Kiedy pojęcie „selfie” zaczynało swoją karierę, nikt nie spodziewał się, że stanie się nawet słowem roku. Fotki z wyciągniętej ręki stały się tak popularne, że producenci smartfonów zaczęli dbać o frontową kamerkę, by ich produkty mogły sprostać nowym potrzebom. Selfiaki wyznaczają trendy nie tylko w segmencie telefonów, ale i wielu innych kamerek. Nie raz już prezentowałem na blogu wizje dronów, których celem było pstrykanie zdjęć z perspektywy selfie. Czy kiedyś osobisty fotograf będzie za nami podążał jak za paparazzi za celebrytami?

roam-e

ROAM-e ma być dronem, którego najważniejszym celem będzie focenie właściciela z powietrza. Selfie ma wejść na nowy poziom, choć trudno wyobrazić sobie przyszłość z tłokiem droników, które biją się o przestrzeń, by pstryknąć swojemu właścicielowi zdjęcie z najlepszego ujęcia. Na razie plany zakładają ograniczenie wszelkich kijaszków i wygodę dzięki w miarę niewielkiemu copterkowi. Segment selfie jest jeszcze świeży, więc i eksperymentów sporo. Latające gadżety do pstrykania fotek próbują swoich sił od lat. Wśród nich jest sporo odmian sferycznych.

Projekt ROAM-e też uwzględnia ujęcie kadru w formacie sferycznym. Obiektyw umieszczony jest u spodu, gdzie bezproblemowo wykona zdjęcia z lotu ptaka. Podwójne śmigiełko ma wystarczyć do udźwignięcia mechanizmu, a składany format umożliwiać łatwe przenoszenie sprzętu. Gabaryty nie są bardzo mobilne i nie drona nie schowamy do kieszeni, ale złożony zmieści się w torebce lub plecaku – gotowy do użycia w najlepszych momentach do focenia.

roam-e selfie

Idea modelu jest bardzo prosta. Konstrukcja zresztą też. Technologie już znane. Producent chce zapewnić tryb Follow Me, czyli podążania za obiektem. Zdjęcia mają być wykonywane w odległościach 3-25 metrów.

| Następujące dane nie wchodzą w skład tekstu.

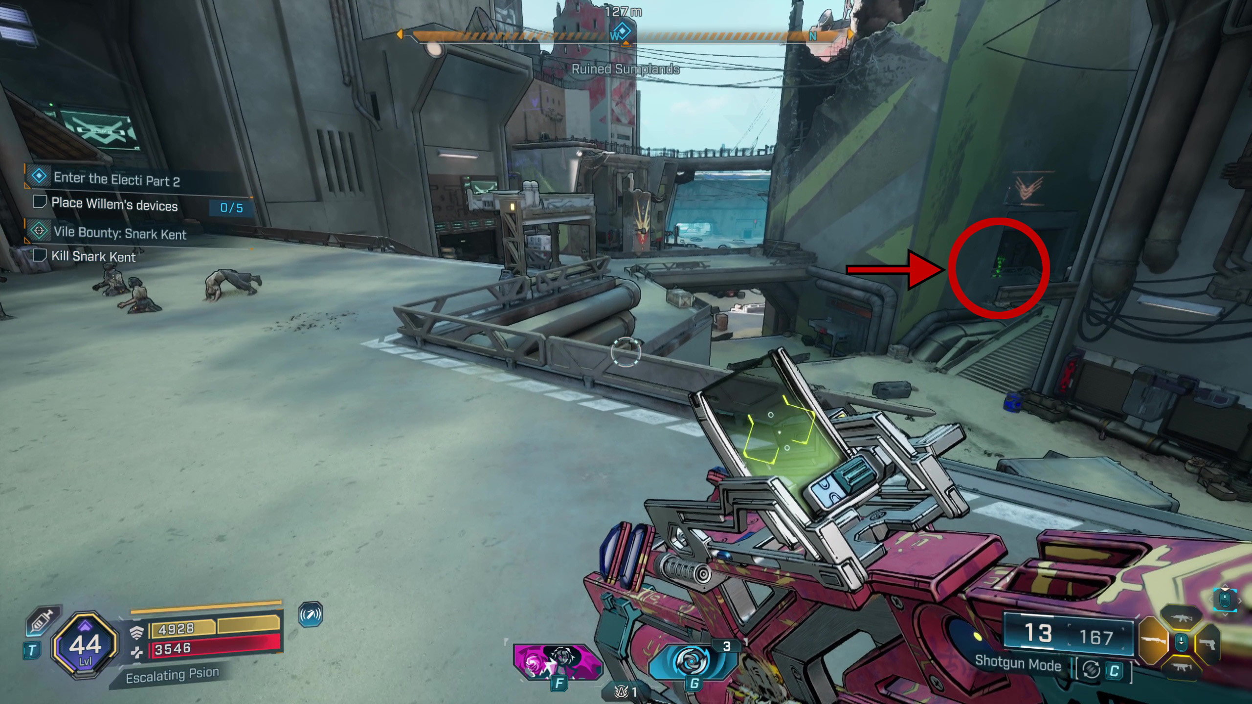Чтобы найти ЭМИ, отправляйтесь на юг к конвою Ордена возле силоса Ордена Ржавого Броска. Зачистите врагов, а затем взломайте терминал — он покажет вам местонахождение фабрики синтетиков Виллема, которая находится далеко на востоке.
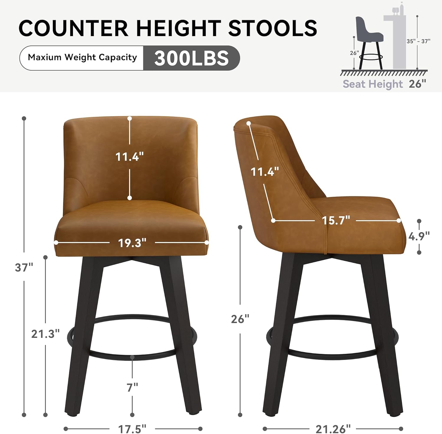 Counter Height Swivel Bar Stools Set of 6, 26 Inch Bar Stools with Footrest, Faux Leather Upholstered Barstools with Back and Solid Wood Legs for Kitchen Island, Dining Room,Pub,Brown
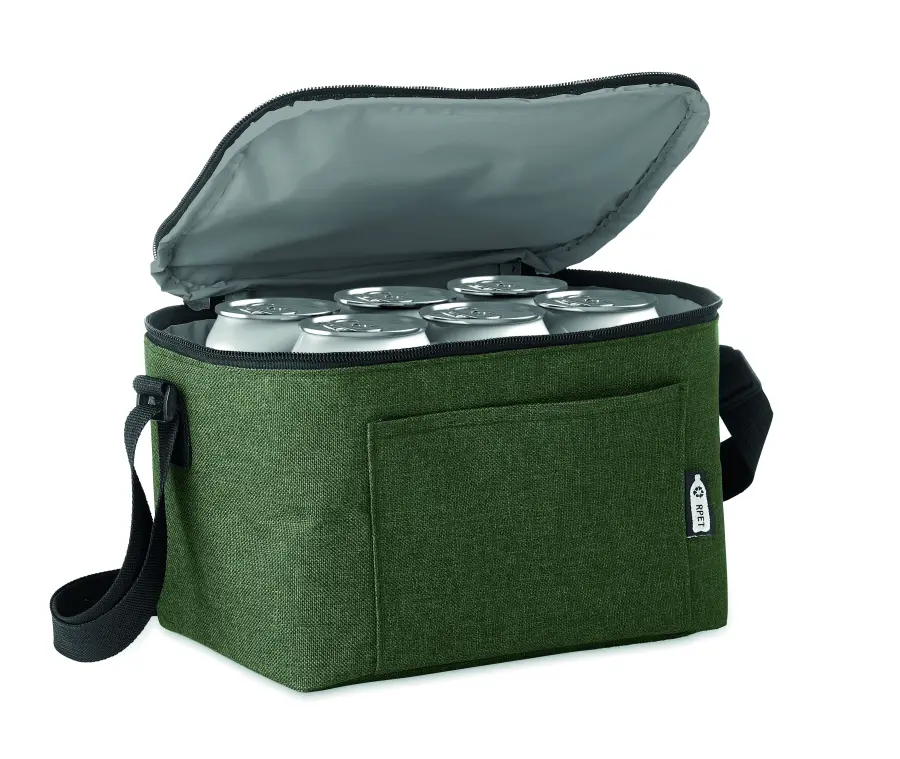 Torba termoizolacyjna na 6 puszek w 2 odcieniach 600D RPET z przednią kieszenią. Materiał izolacyjny: PEVA 0,15 mm + pianka 3 mm.
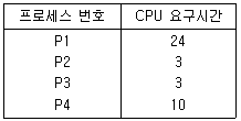 다음과 같은 상황에서 FCFS 알고리즘을 적용하였을 때 프로세스 완료 순서는?

W użytku będą pewnie te bliższe odległości, bo selfie to selfie – chcemy mieć wyraźne uchwycenie twarzy. Do tego ma posłużyć oprogramowanie do rozpoznawania twarzy, więc zdjęcia mają uwzględniać głównie nas, a nie przypadkowych osób. Większe odległości to z kolei opcja do robienia niemal perfekcyjnych panoram 360. Selfie z krajobrazem – może być efektownie. Na razie nie wspomniano nic o aplikacji, ale podejrzewam, że w tym przypadku to konieczność.

Dron ma ograniczone zadania, więc nie może być zbyt drogi. 349$ to w miarę rozsądny cennik.